#### [Your goal]
Word for word, transcribe the lines below and drop the pictures.

Dataset extract section start

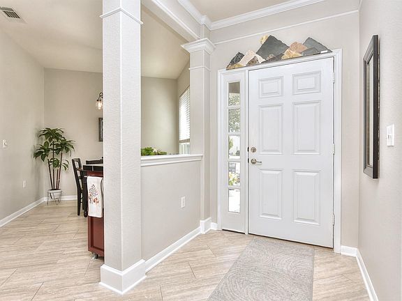 Welcome to this immaculate Monroe floor plan, one of the community's most popular and in-demand layouts. Situated on a large corner lot, this home boasts outstanding curb appeal and offers a wealth of custom upgrades, setting it apart from the rest. The interior showcases modern elegance and function. The kitchen is a true centerpiece, completely updated with granite countertops, stylish painted cabinets, a contemporary backsplash, under-cabinet lighting for task and ambiance, and a custom slate stone facade accenting the breakfast bar and main cabinet run. All primary appliances were replaced in 2023. It is plumbed for gas if that is a preference for cooking. Elegant crown molding accents the entry, main living, and dining areas, complementing the updated tile floors found throughout the kitchen and main living spaces. The bathrooms have been beautifully updated with granite counters, featuring a large, modern walk-in shower in the primary suite. The versatile layout includes a cozy breakfast nook, spacious living and dining areas, a second bedroom, and a study accessed through classic French doors, which includes a convenient built-in bookshelf. Outdoor living is exceptional with an extended, custom back patio and an expansive front yard featuring extensive landscaping, a beautiful water feature, and a lovely sitting area to enjoy with family and friends. An epoxy walkway extends seamlessly from the driveway to the front entry. Practical updates include a Roof replaced in 2019 and HVAC replaced in 2016. For added value, the washer/dryer, main refrigerator, garage refrigerator, and water softener all convey with the home. This is the turnkey opportunity you've been waiting for!
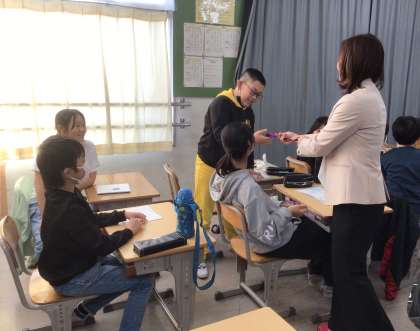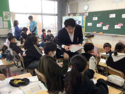 子どもたちに、ご自分の体験やチャレンジの大切さを語ってくださいました。
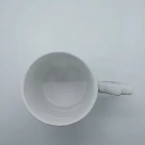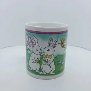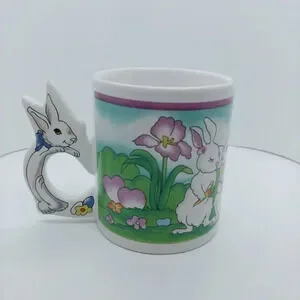 Mug features a pristine Easter scene with bunnies, flowers, and foliage with a handle in a bunny shape.

Dataset extract section end

#### [Solution]
 Welcome to this immaculate Monroe floor plan, one of the community's most popular and in-demand layouts. Situated on a large corner lot, this home boasts outstanding curb appeal and offers a wealth of custom upgrades, setting it apart from the rest. The interior showcases modern elegance and function. The kitchen is a true centerpiece, completely updated with granite countertops, stylish painted cabinets, a contemporary backsplash, under-cabinet lighting for task and ambiance, and a custom slate stone facade accenting the breakfast bar and main cabinet run. All primary appliances were replaced in 2023. It is plumbed for gas if that is a preference for cooking. Elegant crown molding accents the entry, main living, and dining areas, complementing the updated tile floors found throughout the kitchen and main living spaces. The bathrooms have been beautifully updated with granite counters, featuring a large, modern walk-in shower in the primary suite. The versatile layout includes a cozy breakfast nook, spacious living and dining areas, a second bedroom, and a study accessed through classic French doors, which includes a convenient built-in bookshelf. Outdoor living is exceptional with an extended, custom back patio and an expansive front yard featuring extensive landscaping, a beautiful water feature, and a lovely sitting area to enjoy with family and friends. An epoxy walkway extends seamlessly from the driveway to the front entry. Practical updates include a Roof replaced in 2019 and HVAC replaced in 2016. For added value, the washer/dryer, main refrigerator, garage refrigerator, and water softener all convey with the home. This is the turnkey opportunity you've been waiting for!
 子どもたちに、ご自分の体験やチャレンジの大切さを語ってくださいました。
 Mug features a pristine Easter scene with bunnies, flowers, and foliage with a handle in a bunny shape.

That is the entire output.